There was MongoDB and Cassandra.  Cassandra shined instantly, because it was written in Java, and we are a Java house.  The community was strong, the updates were frequent, and the documentation was really clear, which was important for us.  So, we were able to learn Cassandra very, very quickly.  That’s a big point for us.  We’re a small engineering team so the ability for the engineering team was just grabbing you this new framework, and within a week have something running, and having a prototype was a big selling point for us.


That’s excellent.  It sounds like you’ve had a really good experience getting started with Cassandra.  Your transition; I know you were saying you were a SQL-shop before is that right?

We’re still very much a SQL-shop.  We are running both.  So, SQL is still our asset repository.  The database hasn’t changed.  We still store all our data in the database.  What we used Cassandra for was reports.  So, we have a task engine framework, and basically whenever any data is saved within LeaseEagle, it is still saved to the database.  Then it spawns off these jobs that update Cassandra in the background.  We did this so we could easily implement Cassandra, and gradually expand on it.  So, our existing database was rock solid, it still maintained all the data, and what we needed was the ability to offer really fast reporting mechanisms, and we couldn’t do that with the database.  We started to push out jobs of data to Cassandra’s schema. 


We have four schemas that are now populated continuously.  The beautiful thing about that was that we were able to roll out Cassandra and then run a whole bunch of scripts that populated Cassandra schema.  So, our users straight away had access to Cassandra but the UI, all our code base in terms of saving the user data, saving all the data against the database following the MVC etc patterns and all that was exactly the same.  All we did was add these monitors on the save action that would create these jobs in the background. 


Would you be able to share with us some insight on what your deployment looks like?

At the moment we have two data centers and we have a host in one data center, which is running a couple of VMware virtual machines and using SSDs, and it has two Cassandra nodes and a host.  Then we have another host on another center that’s running three Cassandra nodes.


Are you by chance utilizing multi data center replication?

We’re not actually at the moment.  We want to look at that, and that’s actually the next project that we’re going to be kicking off.  In the early days, we took a fairly conservative approach to Cassandra, where we still set the database as our primary data, and Cassandra’s our secondary.  But now, as we’re growing more, and more and more, we want to start to use Cassandra to actually store some primary data, and to do that we want to make sure that our redundancy across data centers is actually in place.


Excellent.  For future versions of Apache Cassandra are there any things that you’d want to see that would be beneficial to how you’re using it?

I’ve got to say the community has done an excellent job so far.  The documentation has been fantastic.  I want to make sure that future versions continue to be backwards compatible within existing data sets to avoid any reinvesting issues.  You’ve kept a pretty good track record on that but I want to reinforce that’s in place.  It’s important to keep focusing on performance and scalability as well. 

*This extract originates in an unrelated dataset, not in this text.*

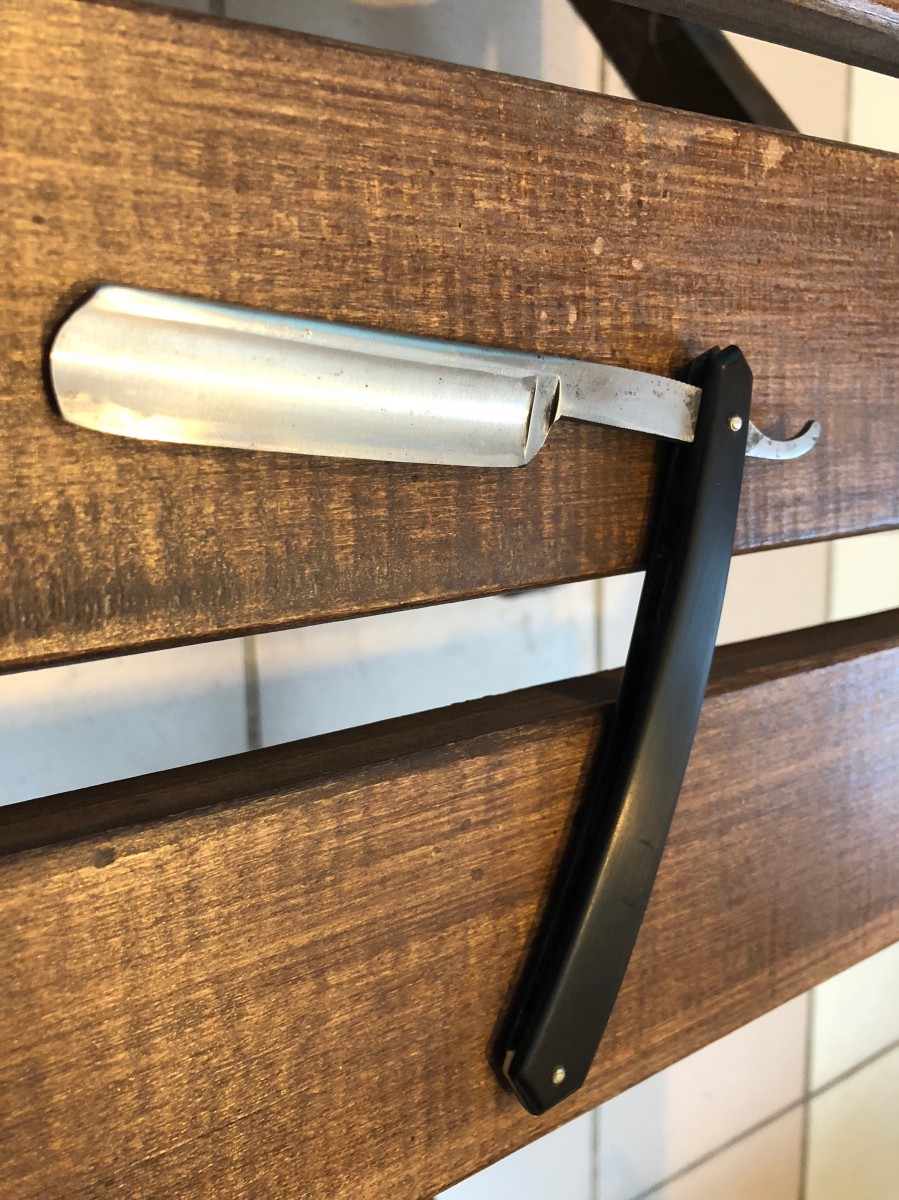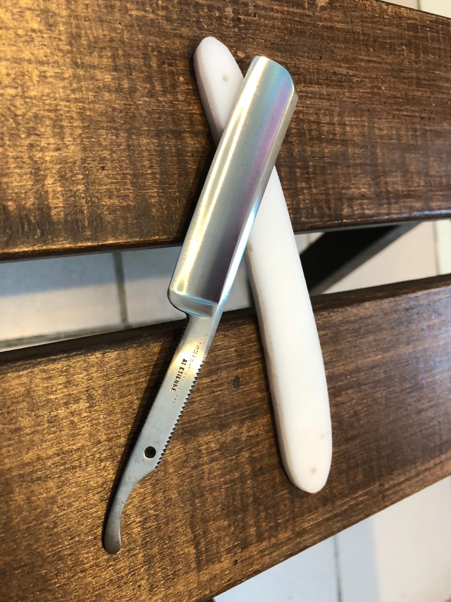ИЛИ частично восстановленную мной бритву (черная ручка). Требует заточки.

I should say one thing that may be beneficial is the ability to have subsets of data. We’ve had to re-engineer a little bit of our schema so we can have subsets of data within fields, and that works fine because we’ve built around it.  So adding something around subsetting data and also more filtering capability so you can do a little bit more of that ‘where clause’ concept that we do in databases would be helpful. 

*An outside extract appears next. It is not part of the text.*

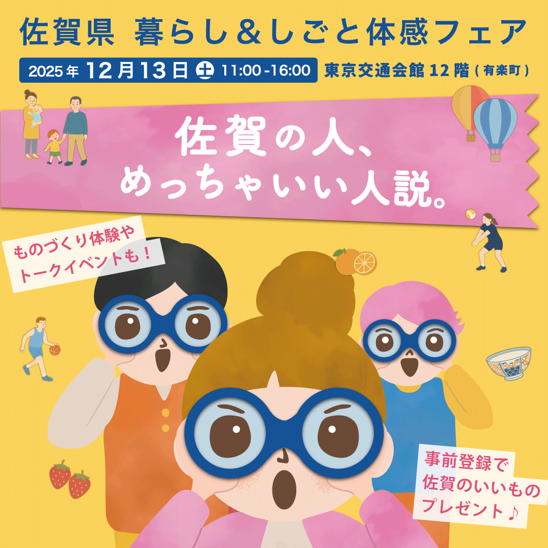 「佐賀の人、めっちゃいい人説。」をテーマに、大規模な移住フェアを東京で開催します。

Very good.  Then you had mentioned that the Apache Cassandra community, the experience you’ve had with them so far has been very responsive.  Do you have any other details about your experience with that community?

It’s just been a very positive experience so far.  I know that the engineers have put questions on the forums and they’ve had a really good response back.  It’s just a really great community in terms of supporting peers in a similar industry.  So, well done.